Data.
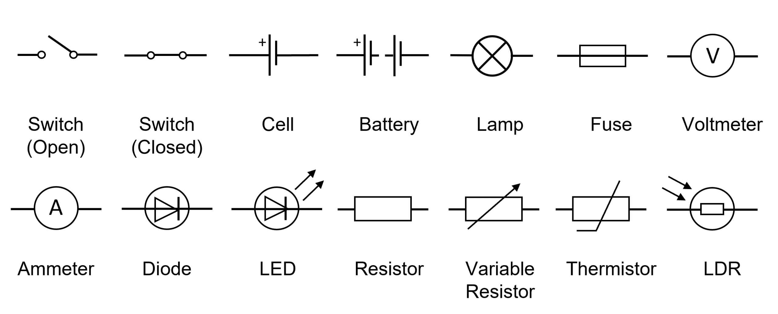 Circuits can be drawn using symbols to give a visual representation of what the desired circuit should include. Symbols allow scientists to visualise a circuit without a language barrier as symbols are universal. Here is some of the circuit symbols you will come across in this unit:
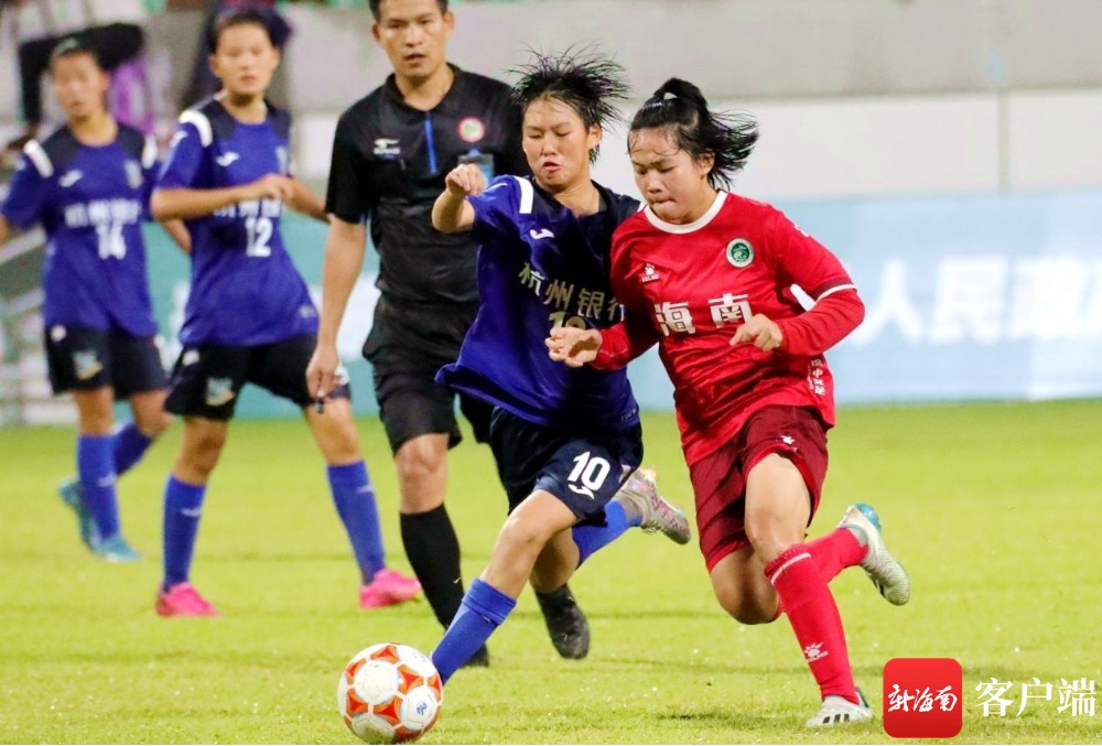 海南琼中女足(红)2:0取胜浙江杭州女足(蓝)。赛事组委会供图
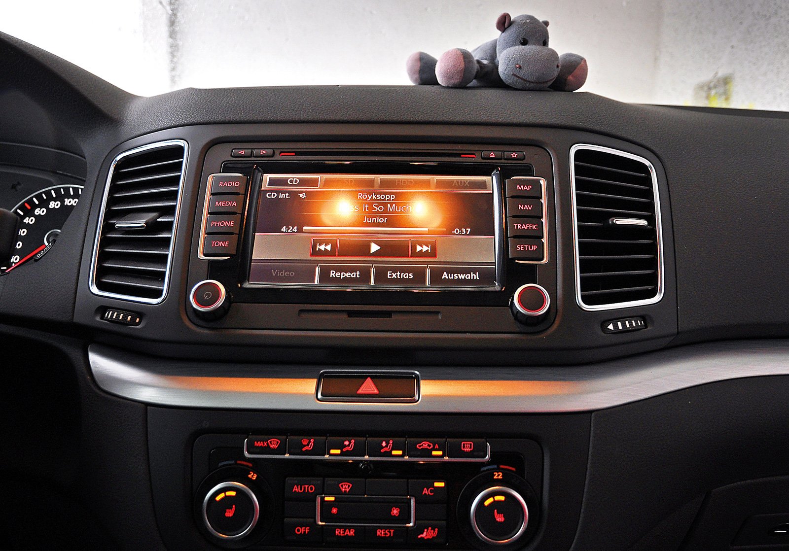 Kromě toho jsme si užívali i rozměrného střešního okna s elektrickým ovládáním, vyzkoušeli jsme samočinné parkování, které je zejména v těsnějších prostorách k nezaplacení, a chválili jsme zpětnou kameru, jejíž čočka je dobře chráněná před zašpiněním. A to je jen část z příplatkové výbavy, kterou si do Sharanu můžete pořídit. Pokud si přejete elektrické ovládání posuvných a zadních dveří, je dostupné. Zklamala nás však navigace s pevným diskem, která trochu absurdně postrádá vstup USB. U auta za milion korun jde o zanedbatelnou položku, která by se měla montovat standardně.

Task description. Restate the material word for word from its first line through the line containing "海南琼中女足(红)2:0取胜浙江杭州女足(蓝)。赛事组委会供图", both included; the pictures do not belong in it.

Task response.
 Circuits can be drawn using symbols to give a visual representation of what the desired circuit should include. Symbols allow scientists to visualise a circuit without a language barrier as symbols are universal. Here is some of the circuit symbols you will come across in this unit:
 海南琼中女足(红)2:0取胜浙江杭州女足(蓝)。赛事组委会供图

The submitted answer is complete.